Between two large masses of stalagmite was the body of a woman, robed in white. It was lying upon its back, stretched out to its full length—motionless; apparently dead!
They needed not to pass the torch over that pale face to identify it. It was not necessary to scrutinise those wan, silent features. On first beholding the prostrate form, too easily had Herbert rushed to the sad conclusion—that it was the corpse of his cousin!
During all this time where was Chakra?
As soon as he had seen the mansion of Mount Welcome fairly given to the flames, the Coromantee, bearing its young mistress in his arms, hurried away from the spot. Outside the garden wicket he made stop: only for a moment, which was spent in a hasty consultation with the chief of the black bandits.
In the brief dialogue which there took place between them, Adam was enjoined to carry the whole of the booty to his mountain home, where Chakra promised in due time to join him.
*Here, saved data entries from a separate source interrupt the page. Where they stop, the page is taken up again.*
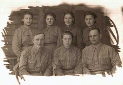 Григорий Тимофеевич Макиенко (сидит в первом ряду справа) с товарищами, 1943 г.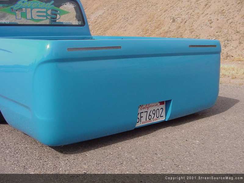 The tailgate was then smoothed out with a skin combo and molded to the bed for an over all smooth look. After many dragging episodes Mike found the Taco back down to Anaheim Prestige Auto body to rework the rear Alter Images skin combo after dragging it along the California roads. The taillights where shaved and a set of Hi Tech LED's, which were designed by Mike, and were flush mounted into the roll pan. Mike performed most of the long list of modifications. Chris and Eurocraft Collision of Middletown, NY, are responsible for the taillights, gas filler door, cab seams and corner lamps.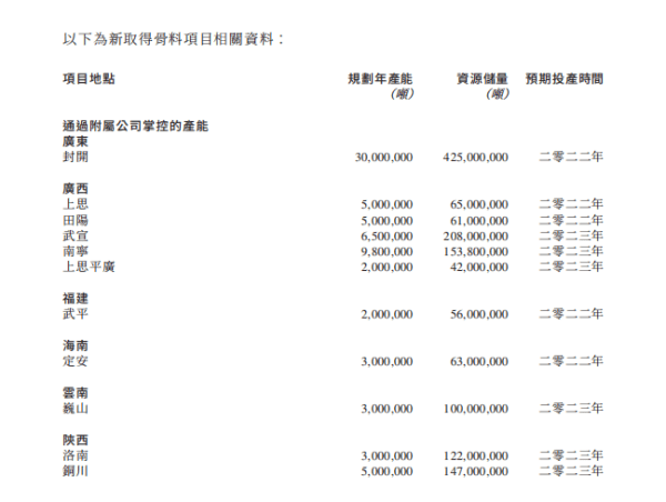 華潤水泥通過附屬公司掌控的骨料產能相關資料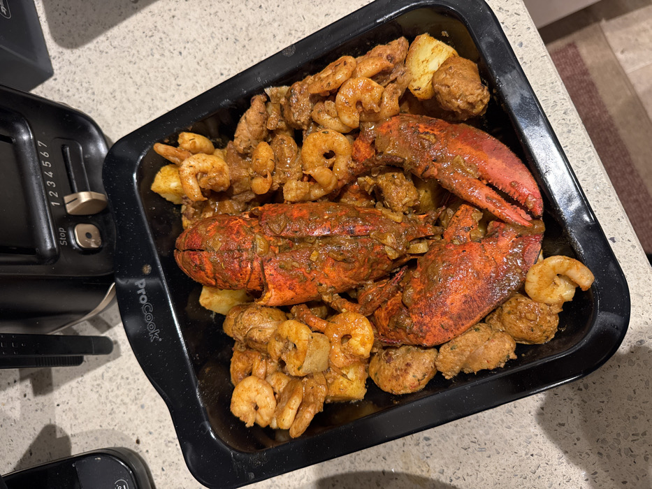 A black ProCook roasting pan, approximately rectangular with flared handles, is filled with a cooked meal. The central feature is a whole, cooked lobster, split longitudinally, coated in a thick, reddish-brown sauce. Surrounding the lobster are numerous peeled, cooked shrimp, cubed potatoes, and several pieces of cooked sausage or meatballs, all similarly coated in the reddish-brown sauce. The pan rests on a light-colored, speckled countertop. In the upper background, a black toaster with a metallic browning control dial set between "1" and "2," and a "Stop" button, is visible. A portion of another black kitchen appliance is present on the countertop to the left. The scene is illuminated by overhead light. This setup is located within a kitchen in Wychavon, United Kingdom.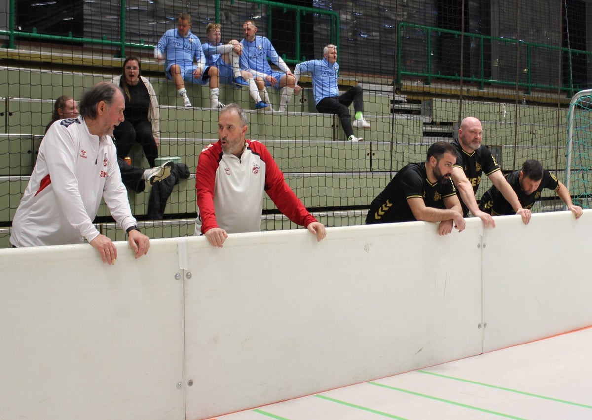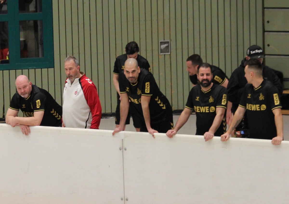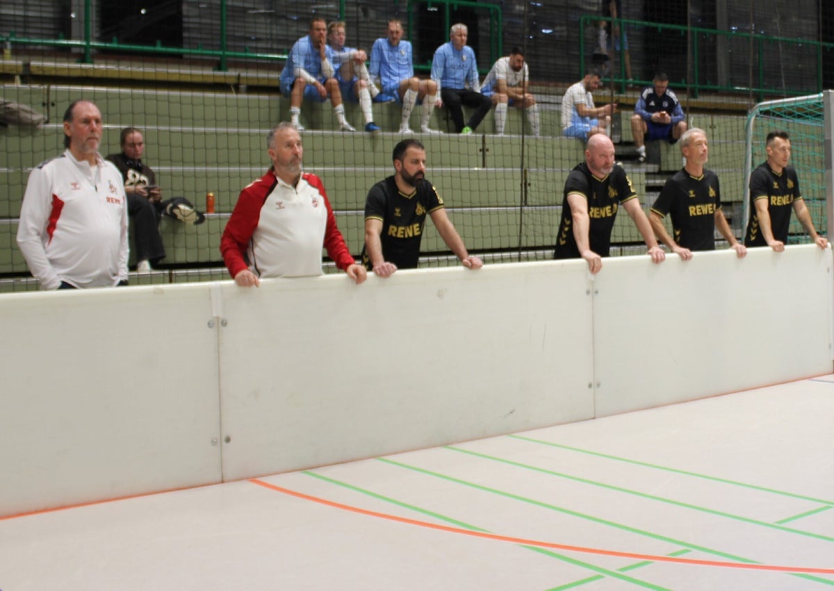 unser team hinter der bande bei den spielen

The Coromantee had no intention to resign his share of the spoils; but just then he was in no mood for making the division. He was at that moment under the influence of a passion stronger than the love of plunder.
Adam was only too eager to accede to these terms; and the confederates parted company—the robber and his followers at once shouldering their booty, and setting out for their forest dwelling among the far mountains of Trelawney.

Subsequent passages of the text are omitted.